Kirsti: Whaaaaaaat?? I NEVER COULD HAVE FORESEEN THIS TURN OF EVENTS.

Annie: Edward decides to keep Bella busy and distracted by over-scheduling her like she’s a bratty 8-year-old on summer break. Edward takes Bella to watch sunsets, to see parrots, and to swim with sea turtles. They go snorkelling and exploring coral reefs and submerged caves and poor Bella is too tired to pressure Edward for sex by the end of the day. Bella even falls asleep in her plate at the table like a toddler one night, because she is so tired. She’s also so hungry. And also so exhausted because even though she’s sleeping like a log, she’s having vivid dreams that make her feel like she’s not getting any sleep at all.

Mari: Okay, I’m going to admit that when I read it (okay, skimmed it…) (okay, looked at it mostly) in the book, I didn’t really catch on to what was going on here. It was actually reading your recap that it dawned on me. Because she’s so hungry and so tired and it’s so a vampire baby. SPOILERS.

Annie: Yet Bella still finds the time to beg, plead and grouch for sex, but none of that seems to be working.

After a week of this, she decides to try some flat-out manipulation compromise.

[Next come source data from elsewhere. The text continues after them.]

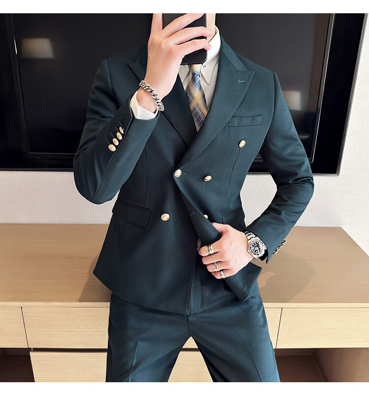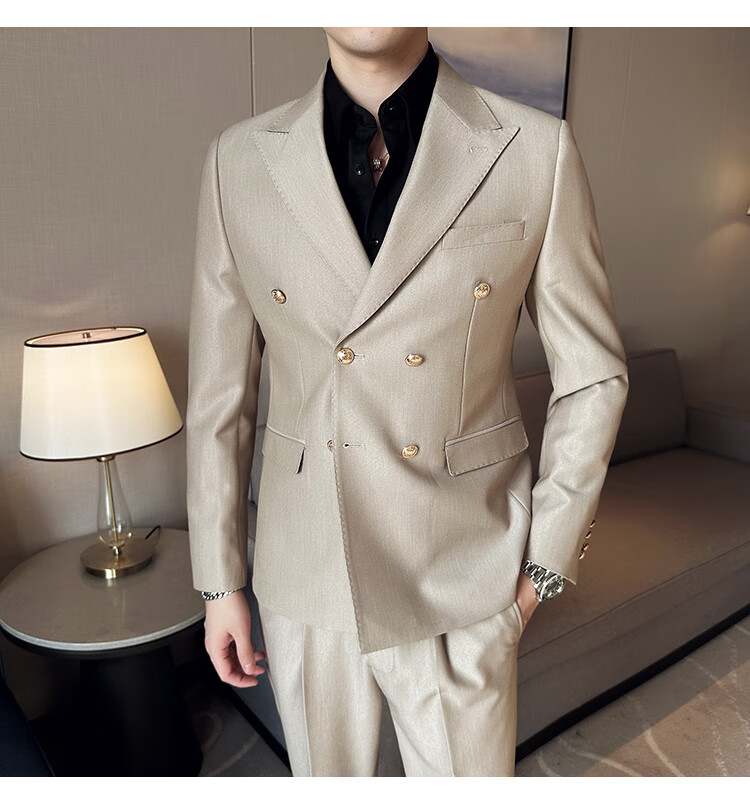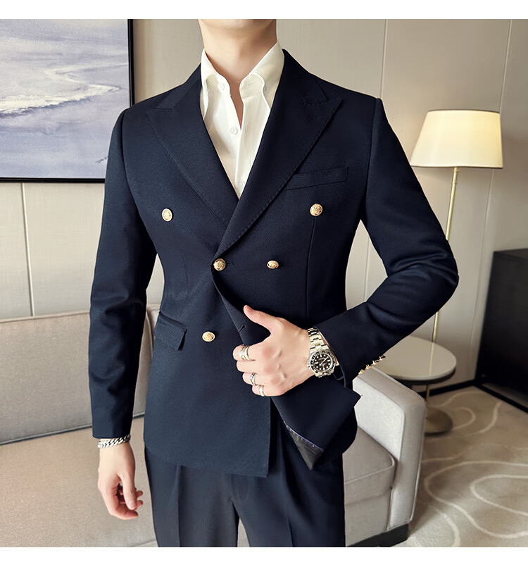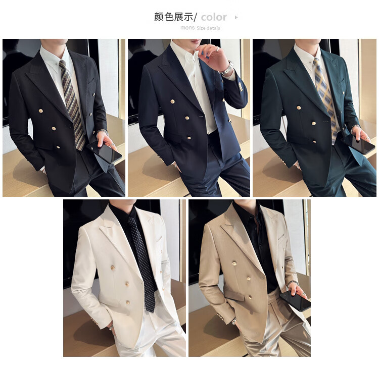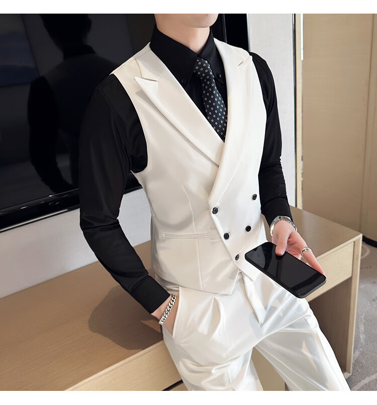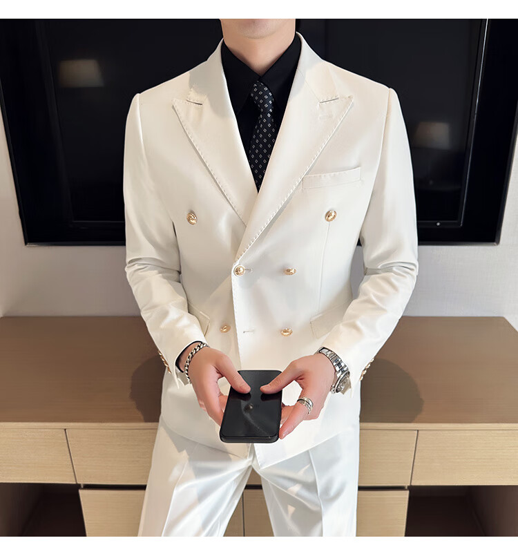 ROMON suit men's suit double-breasted host casual white dress trendy lapel business slim suit three-piece suit white single-piece suit 2XL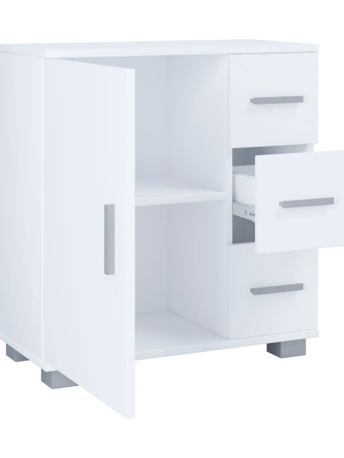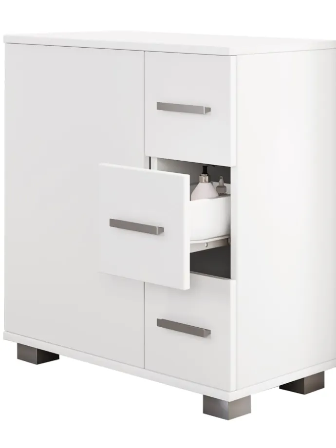 – Badmöbel mit einer Drehtür und drei Schubladen für Staumraum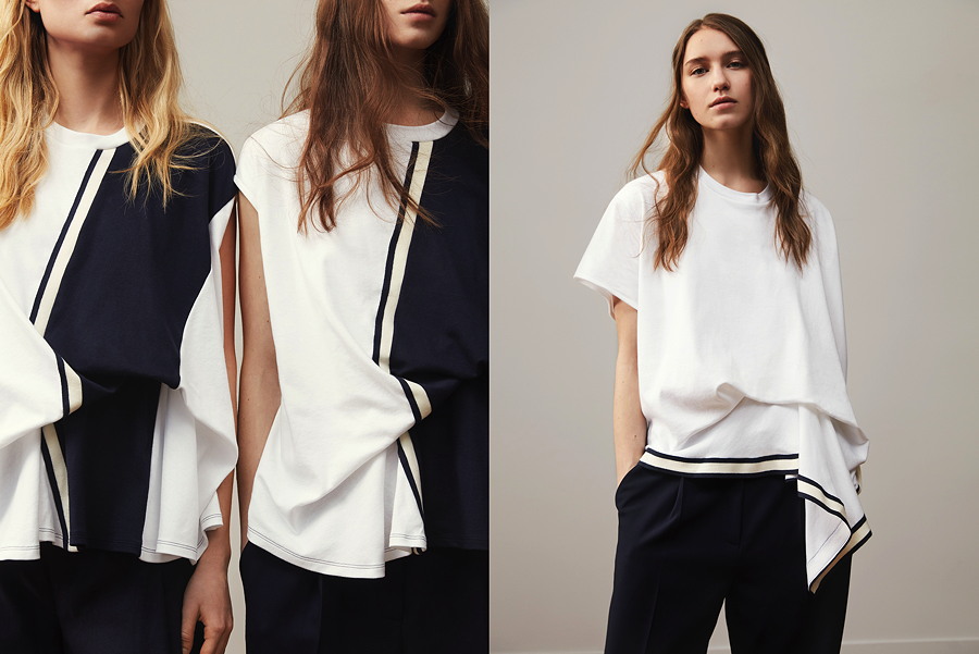Für die vierteilige Kollektion nutzte Annelie Schubert ihre Carte Blanche-Gelegenheit, um den altbewährten Petit Bateau-Klassikern neues Leben einzuhauchen. Der Marinière hat sie Schulterpolster eingesetzt und den Klassiker auf der Rückseite mit einem Einsatz aus Duchessesatin versehen, was für einen überraschenden Effekt sorgt. Der für Petit Bateau typische Baumwolljersey hat sich in den Händen von Annelie Schubert in zwei raffinierte T-Shirts und ein kunstvoll drapiertes Kleid verwandelt. Farblich orientiert sich ihre Kollektion an der Farbpalette des Kultlabels: Ecume Weiß, Coquille Beige und ein rauchiges Blau – einzige Ausnahme ist ein Hauch von Khakigrün.

Bella is now sleeping in the blue room, because of their violent sexy times made such a mess of the other room. And for some reason, they are incapable of cleaning up after themselves.

Bella has been wearing some of the lingerie from Alice, but she has only been wearing the ‘innocent’ lingerie. Bella has been choosing the lingerie with more coverage to hide her bruises, because she is worried seeing them will piss Edward off. Even though the bruises are from him, from their first go at sex.

Something else borrowed by EL James. It’s so blatant, I’m having 50 Shades trauma flashbacks.

Anyway. The bruises are fading now, so Bella decides to wear some of the ‘scarier’ pieces of lingerie to help her with her negotiations. She picks out a black lacy outfit that is apparently so risqué, Bella is too embarrassed to look at it. Sexy. Maybe a little too sexy.

Catherine: See, when she said ‘scarier’ I was picturing, like, one of them had an attachable Jason mask or something. 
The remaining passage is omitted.